# How to replace rear license plate lightbulb.



## mkwl (Jan 21, 2005)

How is it done- it's the bulb that shines on the plate at night- one of mine is out...

Thanks,
Matt


----------



## B&B (Nov 4, 2006)

Reach up behind the bumper and grasp the bulb socket, give it a 1/4 turn counterclockwise to release it from the light housing and simply pull it out. You'll need a #194 for a replacement bulb.

Congrats on an easy one this time Matt.


----------



## mkwl (Jan 21, 2005)

B&B;943587 said:


> Reach up behind the bumper and grasp the bulb socket, give it a 1/4 turn counterclockwise to release it from the light housing and simply pull it out. You'll need a #194 for a replacement bulb.
> 
> Congrats on an easy one this time Matt.
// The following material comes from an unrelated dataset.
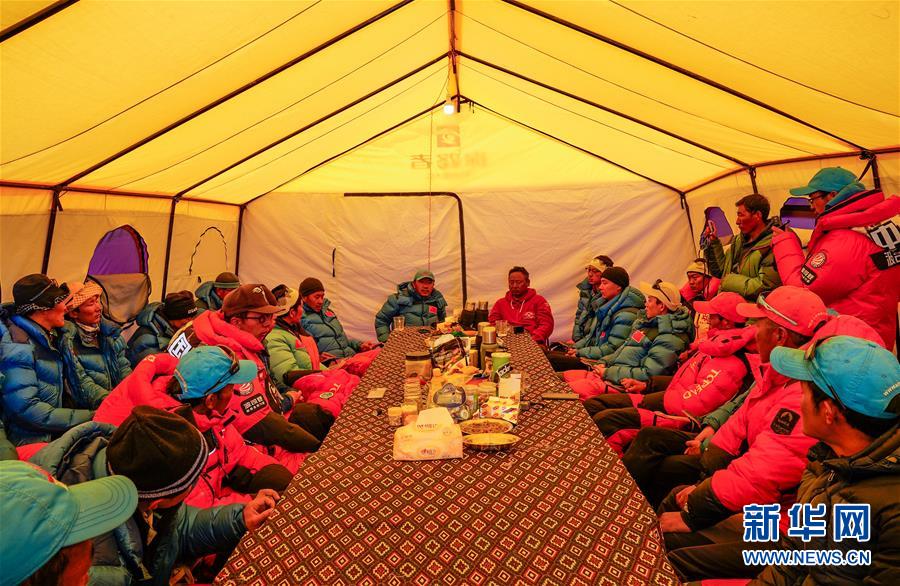 這是在海拔6500米的珠峰前進營地拍攝的公布2020珠峰高程測量12人沖頂隊員名單現(xiàn)場(5月18日攝)。新華社特約記者扎西次仁攝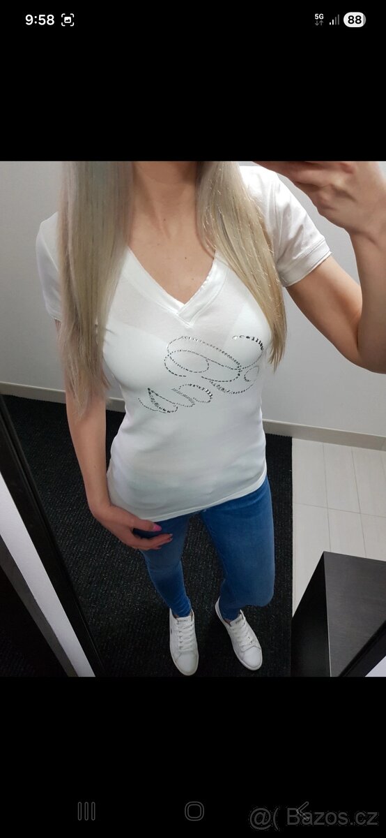 Bile tricko znacky Gas, jednou oblecene, uplne jako nove, zarive bile, stribrne kaminky, zadny nechybi. Velikost M, padne i na S, pruzny material. Postovne, balikovna nebo zasilkovna 79Kc.

Thanks- easy ones are always good


----------



## Detroitdan (Aug 15, 2005)

Don't listen to him, he's wrong. What you need to do is jack the rear end of the truck up until the rear wheels are clear of the ground. Don't forget to chock the front wheels! Unbolt all the bumper brackets where they attach to the frame. Unplug the plate light wire from the harness, there should be a weather pack connector someplace. If not, you'll have to cut it and splice it later with a heat shrink connector. Carefully remove rear bumper, it helps to have an extra pair of hands. Carry it over to your workbench if you have one, if not, set it on the ground gently on some cardboard. Grasp the bulb socket, give it a quarter turn counterclockwise to release it from the light housing and simply pull it out. You'll probably need a #194 for a replacement bulb, but it may be different. Install the new bulb by pushing it in and turning it 1/4 turn clockwise. Have your assistant help you raise the bumper and hold it in place while you get the bumper bracket bolts started. Snug them all up but leave them loose enough that you can still adjust the alignment so the bumper is straight, then tighten them all down in reverse sequence. Lastly, plug in the plate light wire to the harness, or splice if needed. Little hint, what I always do is hook up the wire and test the light before tightening the bumper bracket bolts, just in case it's not the bulb, and you have to take the whole bumper down again. Once it's working, let it down off the jack and take it for a short test drive with the lights on, jack it up and recheck all bolts for tightness.


----------



## nrplowguy (Apr 15, 2008)

detroitdan;945672 said:


> don't listen to him, he's wrong. What you need to do is jack the rear end of the truck up until the rear wheels are clear of the ground. Don't forget to chock the front wheels! Unbolt all the bumper brackets where they attach to the frame. Unplug the plate light wire from the harness, there should be a weather pack connector someplace. If not, you'll have to cut it and splice it later with a heat shrink connector. Carefully remove rear bumper, it helps to have an extra pair of hands. Carry it over to your workbench if you have one, if not, set it on the ground gently on some cardboard. Grasp the bulb socket, give it a quarter turn counterclockwise to release it from the light housing and simply pull it out. You'll probably need a #194 for a replacement bulb, but it may be different. Install the new bulb by pushing it in and turning it 1/4 turn clockwise. Have your assistant help you raise the bumper and hold it in place while you get the bumper bracket bolts started. Snug them all up but leave them loose enough that you can still adjust the alignment so the bumper is straight, then tighten them all down in reverse sequence. Lastly, plug in the plate light wire to the harness, or splice if needed. Little hint, what i always do is hook up the wire and test the light before tightening the bumper bracket bolts, just in case it's not the bulb, and you have to take the whole bumper down again. Once it's working, let it down off the jack and take it for a short test drive with the lights on, jack it up and recheck all bolts for tightness.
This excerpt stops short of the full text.